Laporan Judith Lorenzo Taolin
Kefamenanu, NTTOnlinenow.com – Aliansi Pemuda dan Masyarakat Anti Korupsi Timor Tengah Utara (TTU) berjumlah kurang lebih 20 orang dipimpin Ketua Aliansi, Pace Esterlino Nule dan Koordinator Lapangan Sergio Nono, mendatangi Inpektorat Daerah dan Kejaksaan Negeri Timor Tengah Utara (TTU), Kamis (09/12/2021) siang.

Menggunakan 3 unit kendaraan roda empat dilengkapi sound system dan 2 unit kendaraan roda dua, massa aksi
mengadukan beberapa kasus korupsi yang dinilai masih mengendap selama bertahun – tahun. Aksi itu dalam rangka memperingati hari Anti Korupsi.

Berbendera Merah Putih dan Pos Perjuangan Rakyat (Pospera) masa aksi tiba di halaman depan Kantor Kantor Inspektorat Daerah pada pukul 11.41 wita, dan langsung melakukan orasi. 10 perwakilan massa aksi yakni Gaspar Eko ( Tokoh Adat ), Yanuarius Eko, Imelda Kosat, Dan Eko, Sergio Nono, Rino Nono, Oswin Nule, Petrus Oki, Gaspar Maukali dan Diko pun dipertemukan dengan Inspektur Inspektorat Daerah TTU, Alfons Ukat, A.Pi, M.M, bersama Pembantu Inspektur guna beraudiens.

Kepada Inspektorat Daerah, Perwakilan massa aksi mempertanyakan Laporan Hasil Pemeriksaan ( LHP ) dari Inspektorat Daerah terhadap Desa Sunsea dan LHP Bakitolas.

Inspektur Inspektorat Daerah TTU Alfons Ukat, A.Pi, M.M langsung menanggapi dengan menjelaskan bahwa LHP desa Sunsea sudah selesai dan temuan dalam LHP rekomendasinya, uang harus dikembalikan ke kas Negara.

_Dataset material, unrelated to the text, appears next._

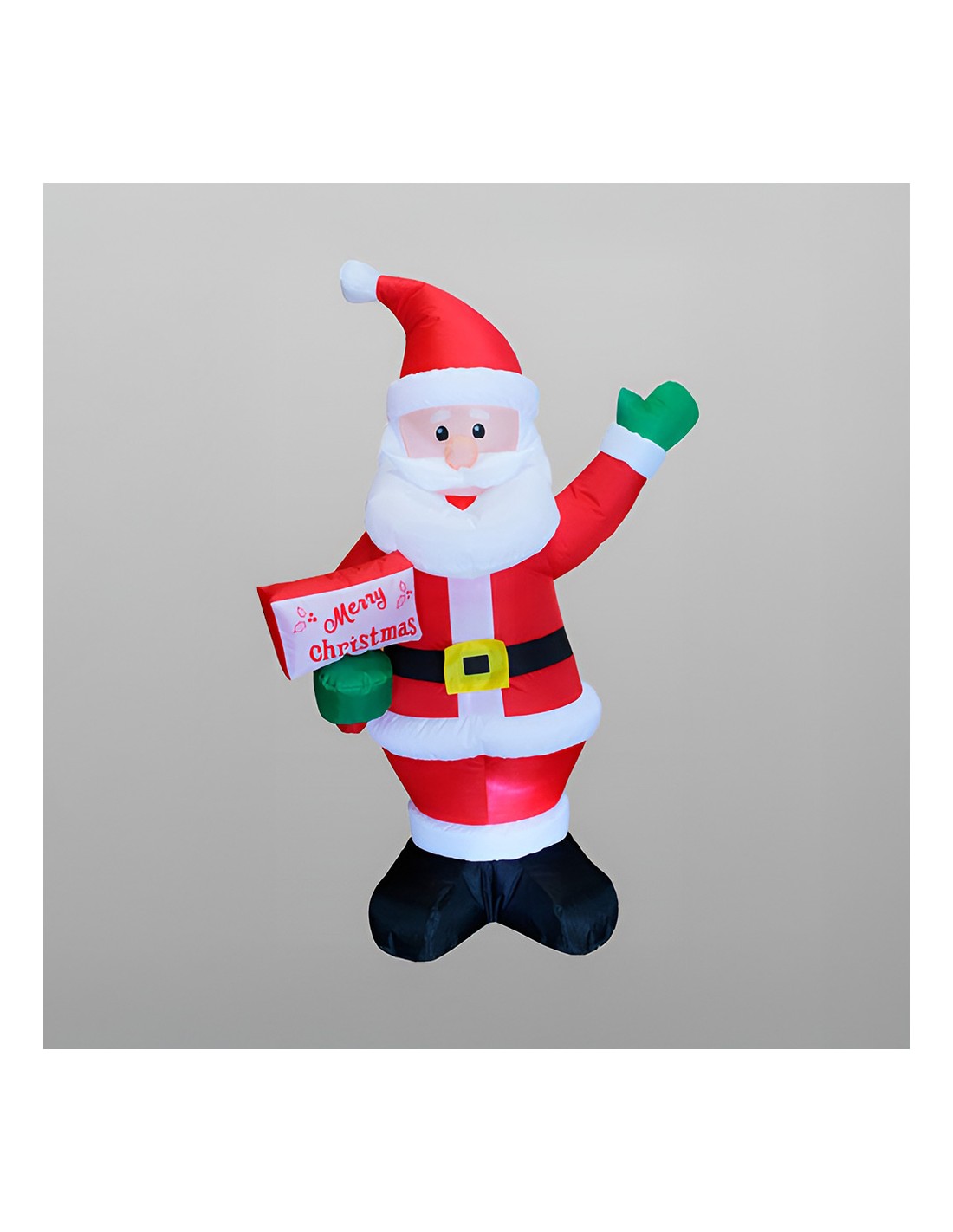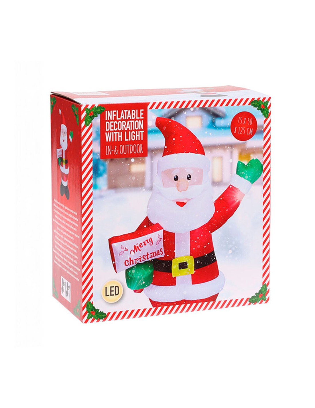 Papa noel inflable con luz led de colores, 12 v, 7,2 w, 220 - 240 v ~50/60 hz, para exterior ip44, material poliéster con revestimiento impermeable, cable alimentación 2 m, contiene 2 amarres y 2 estacas para fijarlo, dimensiones inflado 75 x 50 x 125 cm
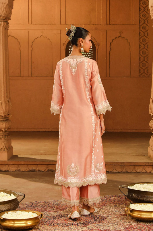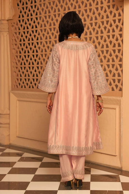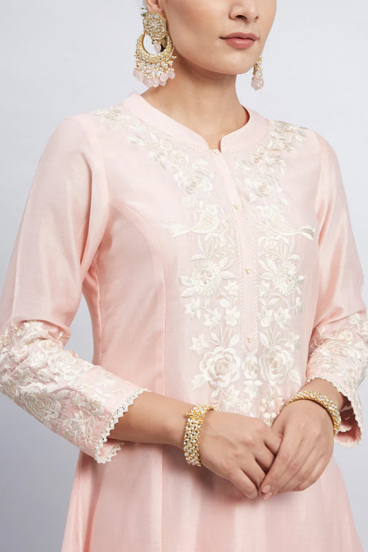 KAINA- SOFT PINK PURE CHANDERI SILK PARSI-GARA EMBROIDERED ENSEMBLE

“Khusus untuk Desa Sunsea, LHP sudah selesai. Temuan dalam LHP rekomendasinya uang harus disetor kembali ke Kas Negara dan di beri kesempatan 60 hari”, jelas Alfons Ukat.

Usai beraudiens massa aksi kemudian melanjutkan perjalanan dan tiba di kantor Kejaksaan pada pukul 13.50 wita.

Melalui proses negosiasi perwakilan massa aksi sebanyak 6 orang masuk dan beraudiens dengan Kasie Intel Kejaksaan Negeri TTU, Benfrid M. Ch. Foeh, S.H di Aula Intelijen Kejaksaan TTU, sementara Kajari TTU tengah melangsungkan Video Conference (Vicon).

Perwakilan massa aksi menyampaikan, proficiat kepada Kejari TTU yang berhasil meraih peringkat I tingkat Nasional dalam penanganan kasus korupsi.

Mereka juga membeberkan beberapa kasus dugaan korupsi di TTU yang dinilai mengendap cukup lama. Diantaranya, pembangunan patung Kristus raja dan taman Doa di Neonbat, Tujuh ruas jalan perbatasan, Dana Desa ( Sunsea dan Bakitolas ) dan Korupsi Perusahan Daerah Cendana Wangi.

Terkait dengan tuntutan massa aksi untuk LHP Desa Sunsea dan desa Bakitolas, Kasie intelijen Kejari TTU, Benfrid M. Ch. Foeh, S.H mengatakan masih menunggu dari Inspektorat setempat.

“Berkaitan dengan LHP Desa Sunsea dan Desa Bakitolas, kami menunggu dari Inspektorat Daerah”, kata Benfrid.

Foto bersama perwakilan massa aksi dan Kasie Intel Kejaksaan Negeri TTU, Benfrid M. Ch. Foeh, S.H .

Sementara terkait kasus korupsi 7 ruas jalan perbatasan, lanjut Benfrid, sebagian sudah ditindaklanjuti dan lainnya masih akan ditinjau lagi.

” Tiga perkara korupsi ruas jalan perbatasan, 3 sudah ditindaklanjuti oleh Kejari TTU, sedangkan 4 kasus lainnya akan dilihat kembali penyelesaiannya”, lanjut Benfrid.

Untuk kasus lainnya tetap akan ditangani secara profesional.

“Penanganan kasus lainnya kami akan tetap bekerja secara profesional sesuai prosedur”, pungkas Benfrid Christian.